What’s a ‘Neoconservative?’
My father suggested to me recently that it might be helpful to better explain what the term “neoconservative” means. “A lot of people don’t know,” he said. As usual, Dad was right. Though decades old, the mainstream use of the word neoconservative is relatively new. I mentally filed away my father’s suggestion agreeing that a layman’s explanation of “neoconservative” might be helpful when the time was right. The time is right—as the American intervention in Libya has drawn a clearer line between neoconservatives and conventional Republicans than any event in recent memory.
The “neocons” believe American greatness is measured by our willingness to be a great power—through vast and virtually unlimited global military involvement. Other nations’ problems invariably become our own because history and fate have designated America the world’s top authority.
Critics say the US cannot afford to be the world’s policeman. Neoconservatives not only say that we can but we must—and that we will cease to be America if we don’t. Writes Boston Globe neoconservative columnist Jeff Jacoby: “Our world needs a policeman. And whether most Americans like it or not, only their indispensable nation is fit for the job.” Neocon intellectual Max Boot says explicitly that the US should be the world’s policeman because we are the best policeman.
Sen. Marco Rubio (R-FL) heartily champions the neoconservative view. While virtually every other recognizably Tea Party congressman or senator opposes the Libyan intervention, Rubio believes the world’s top cop should be flashing its Sherriff’s badge more forcefully in Libya—and everywhere else. New York Times columnist Ross Douthat explains:
“Rubio is the great neoconservative hope, the champion of a foreign policy that boldly goes abroad in search of monsters to destroy… His maiden Senate speech was a paean to national greatness, whose peroration invoked John F. Kennedy and insisted that America remain the ‘watchman on the wall of world freedom.”

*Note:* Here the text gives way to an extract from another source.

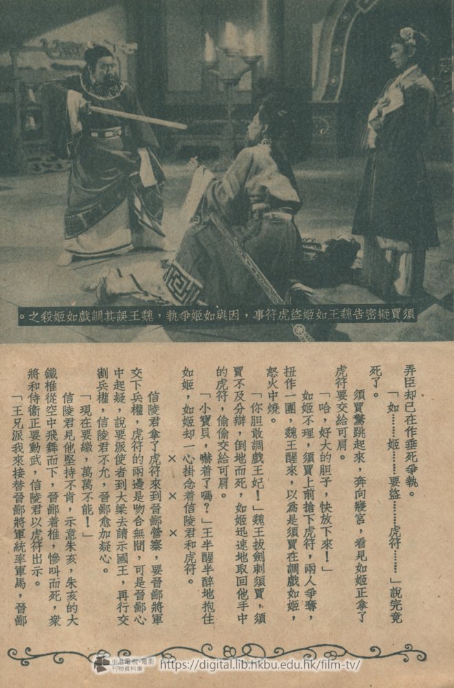「你胆敢調戲王妃!」魏王拔劍刺須賈,須賈不及分辯,倒地而死,如姬迅速地取回他手中的虎符,偷偷交給可肩。
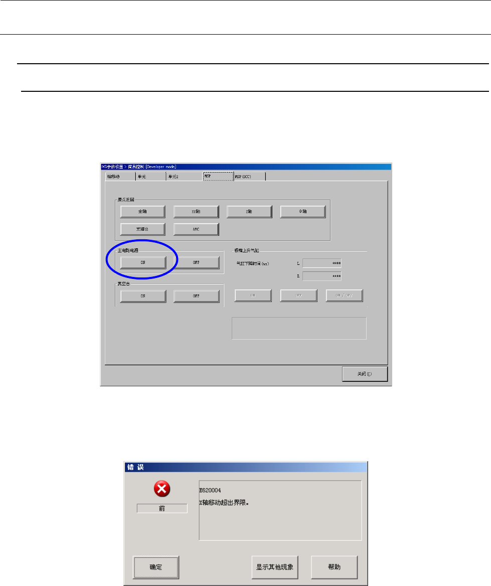 6) 解除后,与第 3)步的操作一样请接通主电路电源,关闭监视器的 X 轴移动极限显示。

Rubio’s flowery rhetoric is worth noting because neoconservatism has always been sold through the narrative of America’s “greatness” or “exceptionalism.” This is essentially the Republican Party’s version of the old liberal notion promoted by President Woodrow Wilson that it is America’s mission to “make the world safe for democracy.” Douthat describes Rubio as the “great neoconservative hope” because the freshman senator is seen by the neocon intelligentsia as one of the few reliable Tea Party-oriented spokesman willing to still promote this ideology to the GOP base. I say “still” because many Republicans have begun to question the old neocon foreign policy consensus that dominated Bush’s GOP. Douthat puts the neoconservatives’ worries and the Republicans’ shift into context:
“Among conservatism’s foreign policy elite, Rubio’s worldview commands more support. But in the grass roots, it’s a different story. A recent Pew poll found that the share of conservative Republicans agreeing that the U.S. should ‘pay less attention to problems overseas’ has risen… In the debate over Libya, Tea Party icons like Michele Bachmann and Sarah Palin have sounded more like (Rand) Paul than Rubio, and a large group of House Republican backbenchers recently voted for a resolution that would have brought the intervention screeching to a halt.”
As one of only a handful of Republicans to oppose the Iraq War, Republican Congressman Jimmy Duncan said in 2003: “It is a traditional conservative position not to want the United States to be the policeman of the world.” At the time Duncan’s party strongly disagreed with him.
But this is because most Republicans didn’t think of the Iraq War as “policing the world” but as a legitimate matter of national defense. We now know that it had absolutely nothing to do with America’s defense and we’re still bogged down needlessly in another nation’s civil war.
But this has always been the neocon ruse—if neoconservatives can convince others that fighting some war, somewhere is for America’s actual defense, they will always make this argument and stretch any logic necessary to do so. Whether or not it is true is less important than its effectiveness.